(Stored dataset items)
___

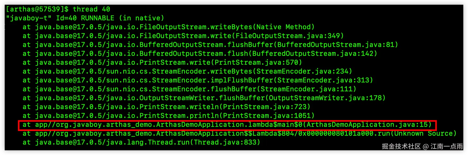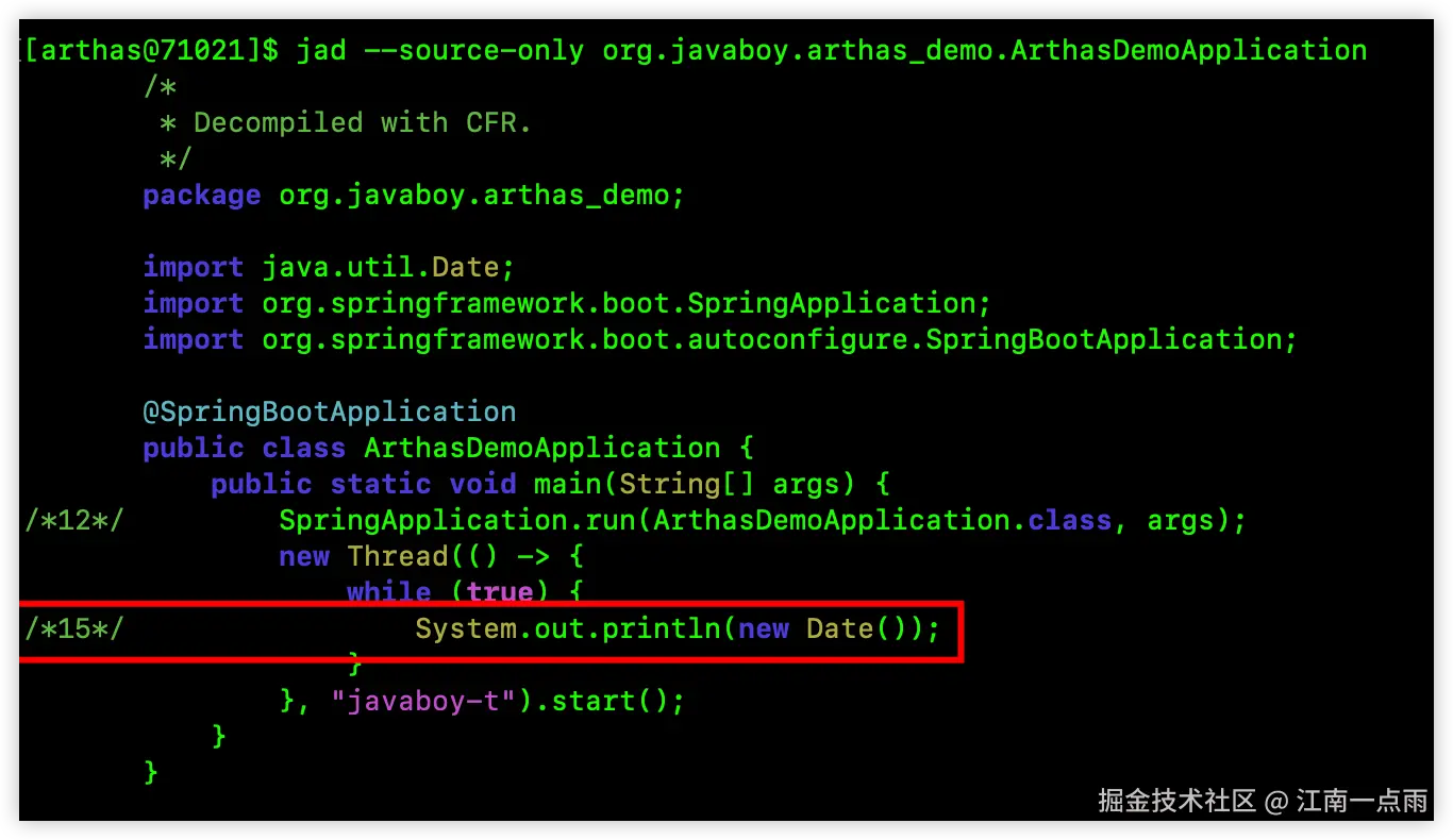 此时会自动生成指令 jad --source-only org.javaboy.arthas_demo.ArthasDemoApplication,将之拷贝到 Arthas 控制台去执行。
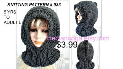 Knitting Pattern, easy beginner level, worked flat on straight needles. 3 sizes: 5 - 12 yrs, Adult, and Adult large. A warm knitted hood for cold winter weather, can be worn around the neck.
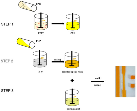 Ether of bisphenol A type EP (E-44) and low-molecular-weight polyamide were supplied by Baling Petrochemical Co., Ltd. (Hunan, China). TDIT and Allyl glycidyl ethers (AGE) were purchased from Jining Huakai Resin Co., Ltd. (Jining, China). Polypropylene glycol (PPG 1000) was purchased from Qingdao Chemical Science and Technology Co., Ltd. (Qingdao, China). 2,4,6-tris (dimethylaminomethyl) phenol (DMP-30) and 1,4-butanediol were provided by Chinese Medicine Group Chemical Reagent Co., Ltd. (Beijing, China).
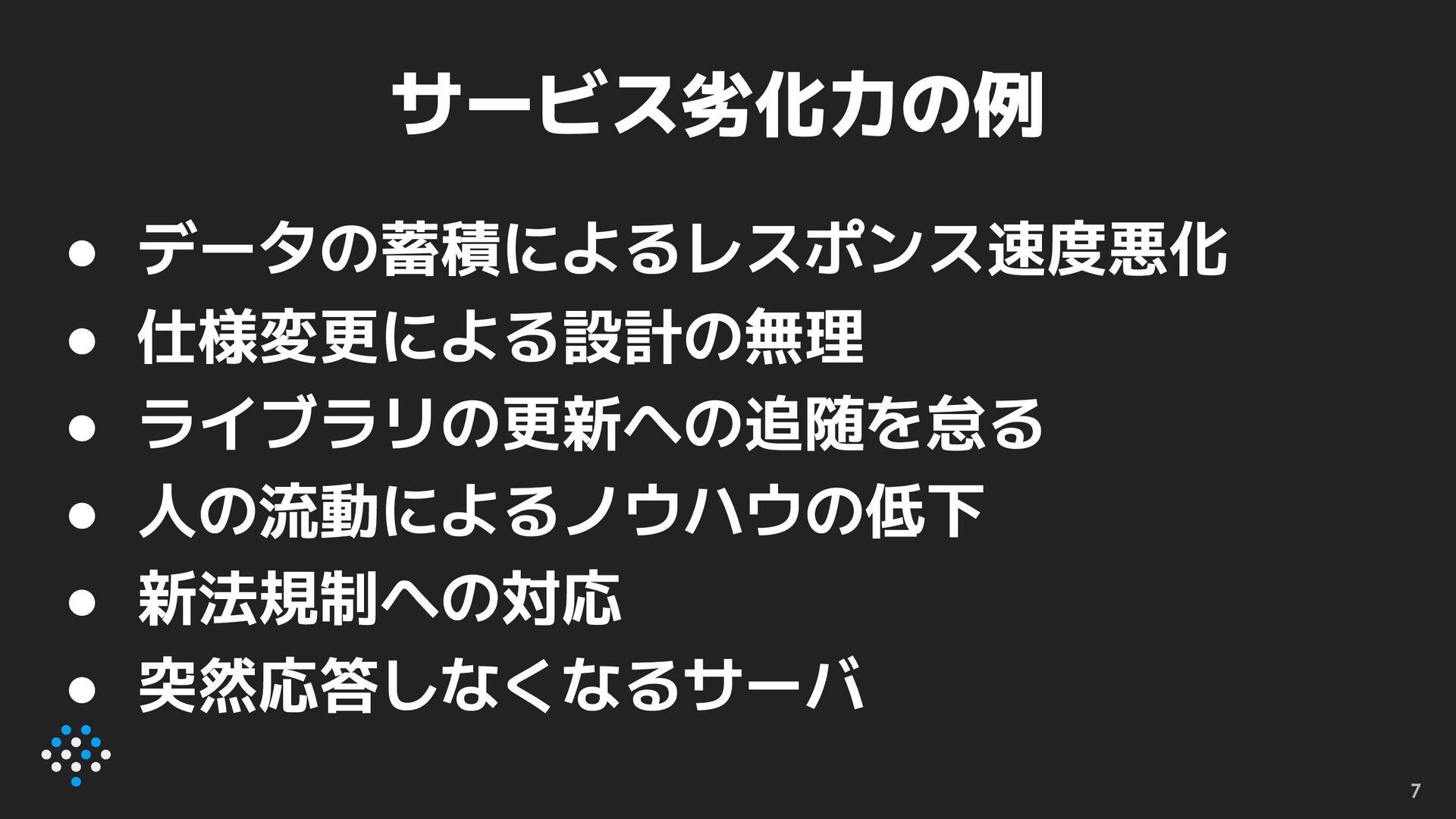 開発を劣化させる力 • 仕様変更で設計が歪む • ドキュメントとの差異が拡大 • デッドコードを消せていない • ライブラリの更新 •
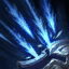 アッシュが指定方向に飛翔する氷の矢を放ち、最初に命中した敵チャンピオンに魔法ダメージを与え、飛距離に応じたスタン効果を付与します。氷の矢は当たると砕けて、それと同時に周囲の敵にも同様のダメージとパッシブのクリティカル時スロウ効果を与えます。
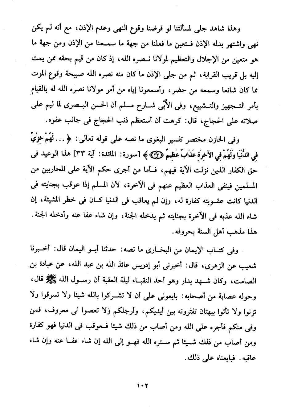 وفى كتاب الإيمان من البخارى ما نصه: حدثنا أبو اليمان قال: أخبرنا شعيب عن الزهرى، قال: أخبرنى أبو إدريس عائذ الله بن عبد الله، عن عبادة بن الصامت، وكان شهد بدار وهو أحد النقباء ليلة العقبة أن رسول الله - صلى الله عليه وسلم - قال، وحوله عصابة من أصحابه: بايعونى على أن لا تشركوا بالله شيئا ولا تسرقوا ولا تزنوا ولا تأتوا ببهتان تفترونه بين أيديكم، وأرجلكم ولا تعصوا في معروف، فمن وفى منكم فأجره على الله ومن أصاب من ذلك شيئًا فعوقب في الدنيا فهو كفارة ومن أصاب من ذلك شيئا ثم ستره الله فهو إلى الله إن شاء عفا عنه وإن شاء عاقبه. فبايعناه على ذلك.
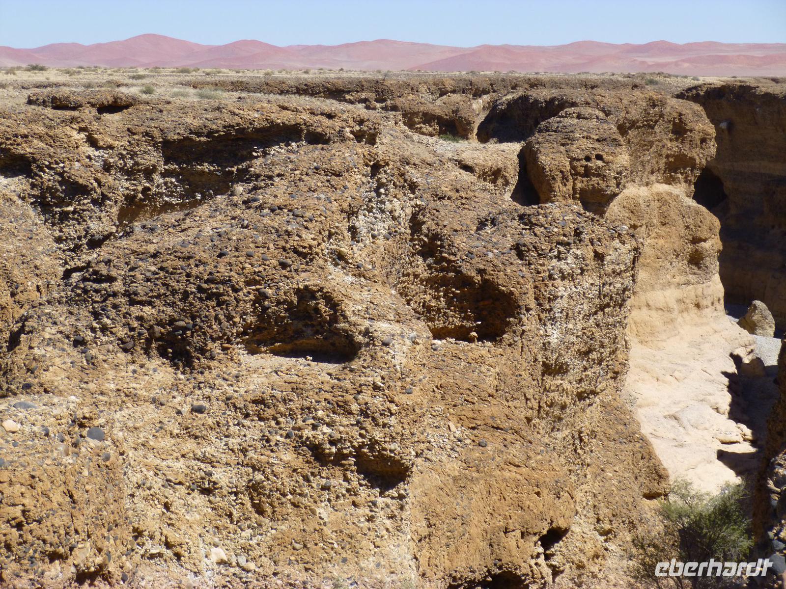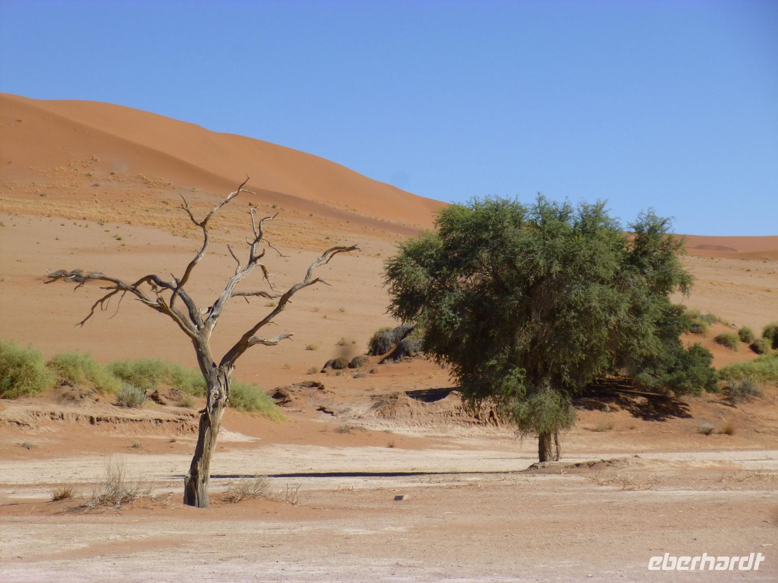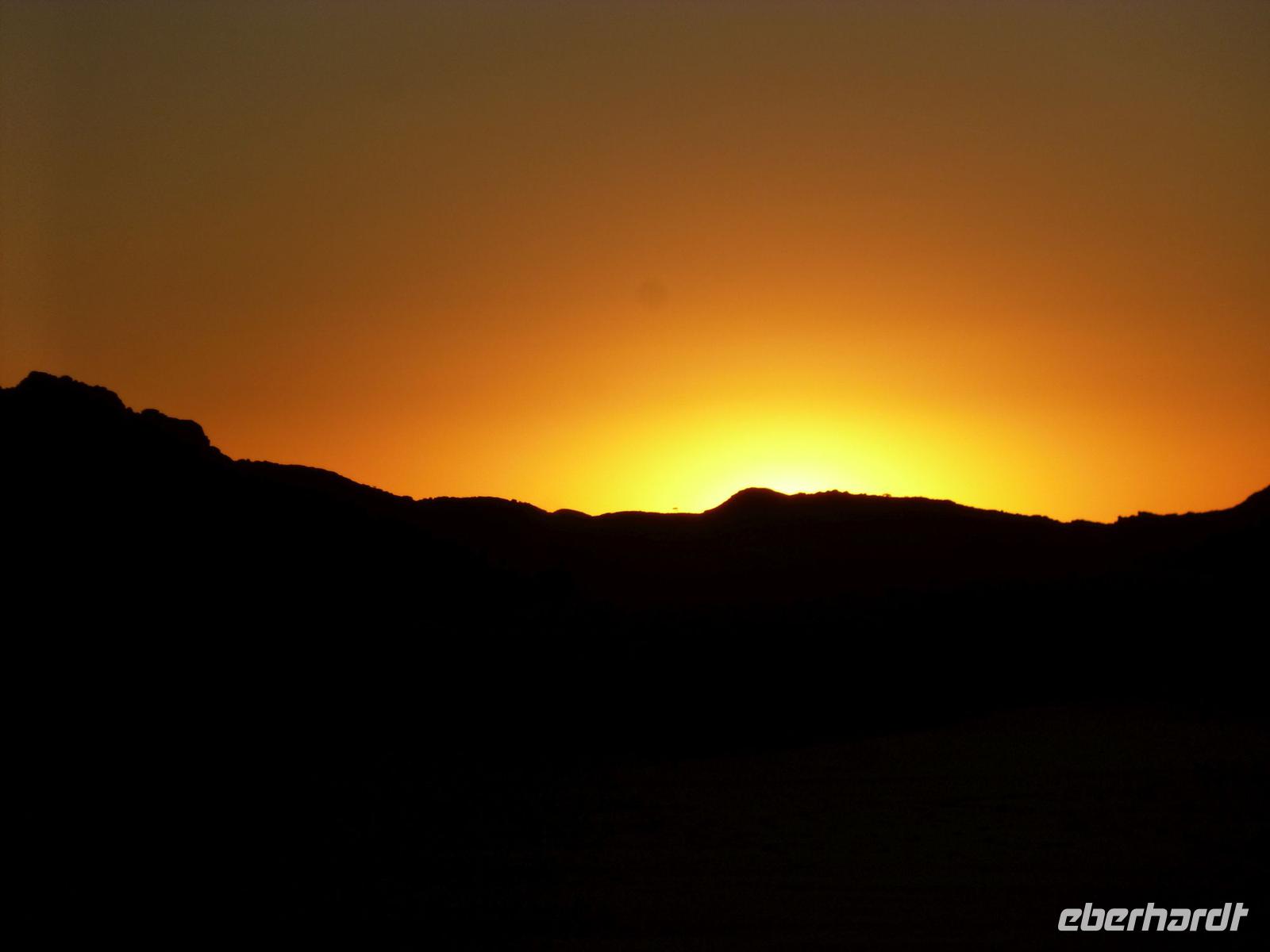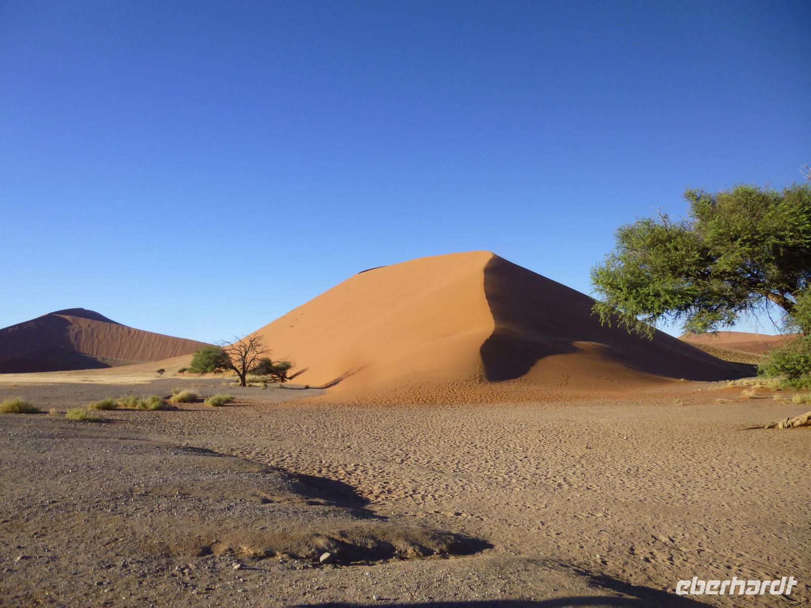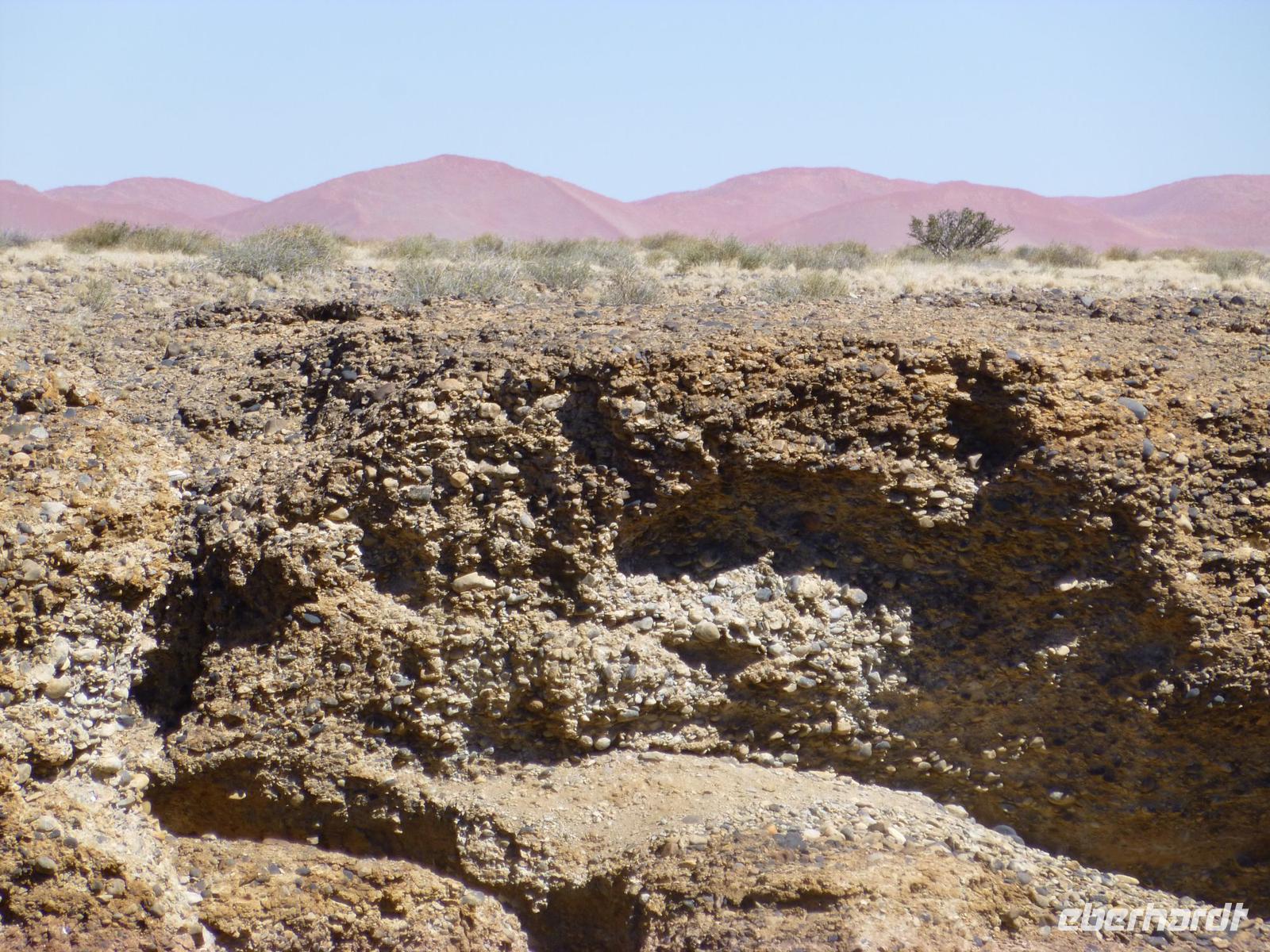 Heute mussten wir zeitig aufstehen, denn wir besuchten im Namib Naukluft Park das Sussusvlei. Die Namib ist die älteste Wüste der Welt. Leider öffnete der Nationalpark erst nach Sonnenaufgang. Wir fuhren entlang des trockenen Flusses Tsauchab und erreichten das Eingangstor. Außer den roten Sandwellen sahen wir geheimnisvolle Kreise, die Feenkreise. Bisher gibt es noch keine Erklärung für dieses Phänomen. Die Düne 45 war unser erstes Ziel. Einige nahmen den etwas beschwerlichen Weg zum „Gipfel" der Düne in Angriff. Die Entfernung bis dahin wird immer unterschätzt und erschwert wurde er durch den Wind, der eine kräftige Brise schickte. Es bot sich ein einzigartiger Panorama über die Dünen. Jetzt war es Zeit, unser Frühstück einzunehmen. Wir saßen unterhalb der Düne mit einem Blick über die Dünenlandschaft. Nach dieser Stärkung fuhren wir zum Parkplatz, wo wir auf Geländefahrzeuge mit Allradantrieb umsteigen mussten. Nach 5 Kilometern sahen wir das Amphitheater des roten Sandgebirges von Sosussvlei. Der mächtige Dünengürtel blockiert den Fluss Tsauchab. In der Regenzeit bildet sich unterhalb der Dünen ein großer See, der viele Tiere anlockt. Doch dieses Jahr war sehr trocken. Außer einigen Vögeln waren nur noch Oryxantilopen, Namibias Wappentier zu sehen. Die Antilope ist an das heiße Wüstenklima angepasst. Sie kommt das ganze Jahr über ohne Wasser aus, da sie einen niedrigen Stoffwechsel hat, also nur wenig Nahrung und Flüssigkeit benötigt. Wir besuchen anschließend den Sesriem-Canyon. Die enge Schlucht entstand, als der Tsauchab-Fluss sich einen Weg durch den Kalkstein bahnte. Wir verlassen den Park und fahren entlang der Naukluft-Berge. Diese sind ein sicheres Rückzuggebiet für Tiere, da es dort ganzjährig gefüllte Felsenpools gibt. Wir erreichen die Namib-Naukluft-Lodge. Nach einem kleinen Anstieg in die Felsen konnten wir einen sehr schönen Sonnenuntergang bewundern. Bei einem guten Grillbuffet ließen wir den Tag ausklingen.
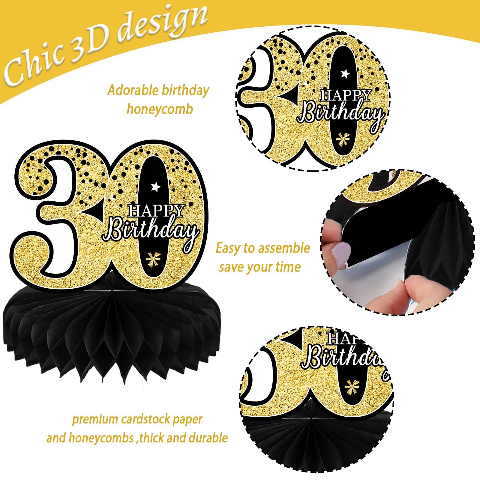 Great size: their sizes are about 6 x 8 inches, add some atmosphere by setting these gold decorations for the birthday party in the middle of the table and these cool black and gold decorations are impressive enough to be noticed.
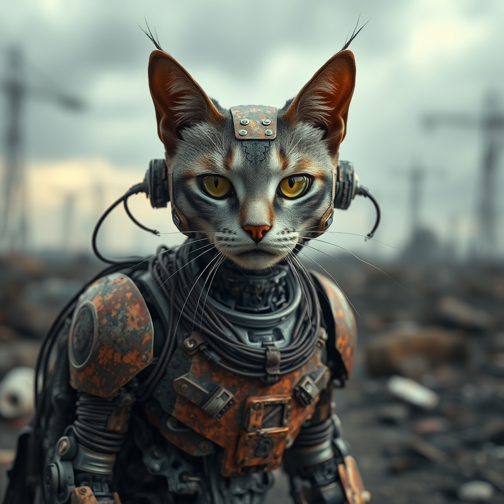 A mechanical cyborg cat with rusty, aged armor and worn metal textures stands against an apocalyptic backdrop. Its body, a fusion of robotics and organic elements, is intertwined with wires and cables, enhancing its eerie presence. The creature gazes directly at the viewer, its eyes piercing through the detailed, realistic depiction. Captured in high-resolution, the portrait showcases detailed skin and textures under diffused soft lighting, achieving a hyper-realistic, cinematic quality. The image is sharply focused, with a shallow depth of field, presenting a full-length frame that reveals every intricate detail. Despite the mechanical and chilling aspect, the portrayal avoids visual distortions such as text errors, jpeg artifacts, and deformations, ensuring a photo-realistic representation. The artwork, free of intrusive elements like usernames or signatures, maintains a haunting, yet captivating allure with perfect proportions and anatomy.
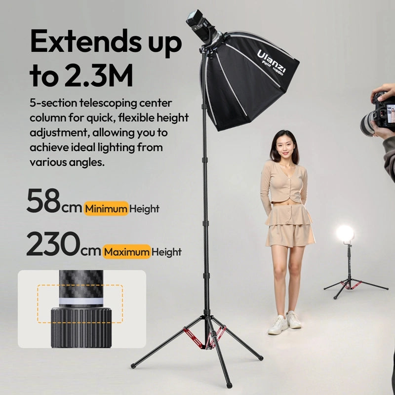 - Extends from 58cm to 230cm with a 5-section telescoping centre column

___

● **What you should do**:
Copy every record above exactly, leaving out any pictures.

● **Solution**:
 此时会自动生成指令 jad --source-only org.javaboy.arthas_demo.ArthasDemoApplication,将之拷贝到 Arthas 控制台去执行。
 Knitting Pattern, easy beginner level, worked flat on straight needles. 3 sizes: 5 - 12 yrs, Adult, and Adult large. A warm knitted hood for cold winter weather, can be worn around the neck.
 Ether of bisphenol A type EP (E-44) and low-molecular-weight polyamide were supplied by Baling Petrochemical Co., Ltd. (Hunan, China). TDIT and Allyl glycidyl ethers (AGE) were purchased from Jining Huakai Resin Co., Ltd. (Jining, China). Polypropylene glycol (PPG 1000) was purchased from Qingdao Chemical Science and Technology Co., Ltd. (Qingdao, China). 2,4,6-tris (dimethylaminomethyl) phenol (DMP-30) and 1,4-butanediol were provided by Chinese Medicine Group Chemical Reagent Co., Ltd. (Beijing, China).
 開発を劣化させる力 • 仕様変更で設計が歪む • ドキュメントとの差異が拡大 • デッドコードを消せていない • ライブラリの更新 •
 アッシュが指定方向に飛翔する氷の矢を放ち、最初に命中した敵チャンピオンに魔法ダメージを与え、飛距離に応じたスタン効果を付与します。氷の矢は当たると砕けて、それと同時に周囲の敵にも同様のダメージとパッシブのクリティカル時スロウ効果を与えます。
 وفى كتاب الإيمان من البخارى ما نصه: حدثنا أبو اليمان قال: أخبرنا شعيب عن الزهرى، قال: أخبرنى أبو إدريس عائذ الله بن عبد الله، عن عبادة بن الصامت، وكان شهد بدار وهو أحد النقباء ليلة العقبة أن رسول الله - صلى الله عليه وسلم - قال، وحوله عصابة من أصحابه: بايعونى على أن لا تشركوا بالله شيئا ولا تسرقوا ولا تزنوا ولا تأتوا ببهتان تفترونه بين أيديكم، وأرجلكم ولا تعصوا في معروف، فمن وفى منكم فأجره على الله ومن أصاب من ذلك شيئًا فعوقب في الدنيا فهو كفارة ومن أصاب من ذلك شيئا ثم ستره الله فهو إلى الله إن شاء عفا عنه وإن شاء عاقبه. فبايعناه على ذلك.
 Heute mussten wir zeitig aufstehen, denn wir besuchten im Namib Naukluft Park das Sussusvlei. Die Namib ist die älteste Wüste der Welt. Leider öffnete der Nationalpark erst nach Sonnenaufgang. Wir fuhren entlang des trockenen Flusses Tsauchab und erreichten das Eingangstor. Außer den roten Sandwellen sahen wir geheimnisvolle Kreise, die Feenkreise. Bisher gibt es noch keine Erklärung für dieses Phänomen. Die Düne 45 war unser erstes Ziel. Einige nahmen den etwas beschwerlichen Weg zum „Gipfel" der Düne in Angriff. Die Entfernung bis dahin wird immer unterschätzt und erschwert wurde er durch den Wind, der eine kräftige Brise schickte. Es bot sich ein einzigartiger Panorama über die Dünen. Jetzt war es Zeit, unser Frühstück einzunehmen. Wir saßen unterhalb der Düne mit einem Blick über die Dünenlandschaft. Nach dieser Stärkung fuhren wir zum Parkplatz, wo wir auf Geländefahrzeuge mit Allradantrieb umsteigen mussten. Nach 5 Kilometern sahen wir das Amphitheater des roten Sandgebirges von Sosussvlei. Der mächtige Dünengürtel blockiert den Fluss Tsauchab. In der Regenzeit bildet sich unterhalb der Dünen ein großer See, der viele Tiere anlockt. Doch dieses Jahr war sehr trocken. Außer einigen Vögeln waren nur noch Oryxantilopen, Namibias Wappentier zu sehen. Die Antilope ist an das heiße Wüstenklima angepasst. Sie kommt das ganze Jahr über ohne Wasser aus, da sie einen niedrigen Stoffwechsel hat, also nur wenig Nahrung und Flüssigkeit benötigt. Wir besuchen anschließend den Sesriem-Canyon. Die enge Schlucht entstand, als der Tsauchab-Fluss sich einen Weg durch den Kalkstein bahnte. Wir verlassen den Park und fahren entlang der Naukluft-Berge. Diese sind ein sicheres Rückzuggebiet für Tiere, da es dort ganzjährig gefüllte Felsenpools gibt. Wir erreichen die Namib-Naukluft-Lodge. Nach einem kleinen Anstieg in die Felsen konnten wir einen sehr schönen Sonnenuntergang bewundern. Bei einem guten Grillbuffet ließen wir den Tag ausklingen.
 Great size: their sizes are about 6 x 8 inches, add some atmosphere by setting these gold decorations for the birthday party in the middle of the table and these cool black and gold decorations are impressive enough to be noticed.
 A mechanical cyborg cat with rusty, aged armor and worn metal textures stands against an apocalyptic backdrop. Its body, a fusion of robotics and organic elements, is intertwined with wires and cables, enhancing its eerie presence. The creature gazes directly at the viewer, its eyes piercing through the detailed, realistic depiction. Captured in high-resolution, the portrait showcases detailed skin and textures under diffused soft lighting, achieving a hyper-realistic, cinematic quality. The image is sharply focused, with a shallow depth of field, presenting a full-length frame that reveals every intricate detail. Despite the mechanical and chilling aspect, the portrayal avoids visual distortions such as text errors, jpeg artifacts, and deformations, ensuring a photo-realistic representation. The artwork, free of intrusive elements like usernames or signatures, maintains a haunting, yet captivating allure with perfect proportions and anatomy.
 - Extends from 58cm to 230cm with a 5-section telescoping centre column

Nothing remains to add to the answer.